I've written previously about interactive or exploratory coding. It's the sort of thing that Emacs and Emacs Lisp make easy and attractive. You sort of feel your way along writing little snippets of code and then stitch them together into larger pieces such as functions. The approach is brilliantly illustrated at the beginning of Magnar Sveen's Web Rebels talk where he builds a slide show function right before our eyes.
Now Kris Jenkins has posted a video that also demonstrates the technique. In just 16 minutes, Jenkins builds a Spotify client while we watch. This isn't 16 minutes of watching him type though. Starting with a shell call to Apple Script telling it to ask the Spotify application to play a Pink Floyd track, he builds up a function to play any track. Then he builds up some functions to retrieve track data from Spotify. Finally he ties it all together with helm to provide a reasonably functional Spotify client runable from Emacs.

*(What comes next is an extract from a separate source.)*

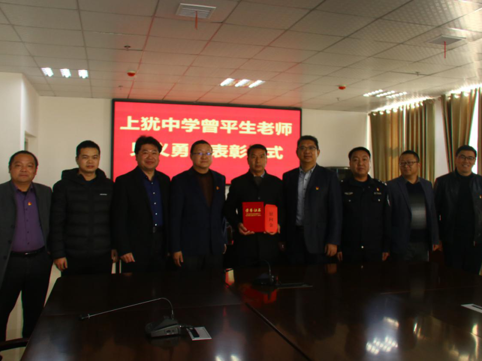 1月27日,縣委政法委組織相關(guān)單位分管領(lǐng)導(dǎo)在上猶中學(xué)為曾平生老師舉行見(jiàn)義勇為表彰儀式。

I love this way of programming; It's one of the reasons I prefer Lisp to C for almost all projects. Even in C, I tended to write a function and then try it out but with lisp you can try out individual expressions and add more parts until you get what you want. If you're an Emacs user or a Lisper you must watch this video. It will, I promise you, be worth your time. It's just a bit over 16 minutes so it will fit nicely into one of your breaks.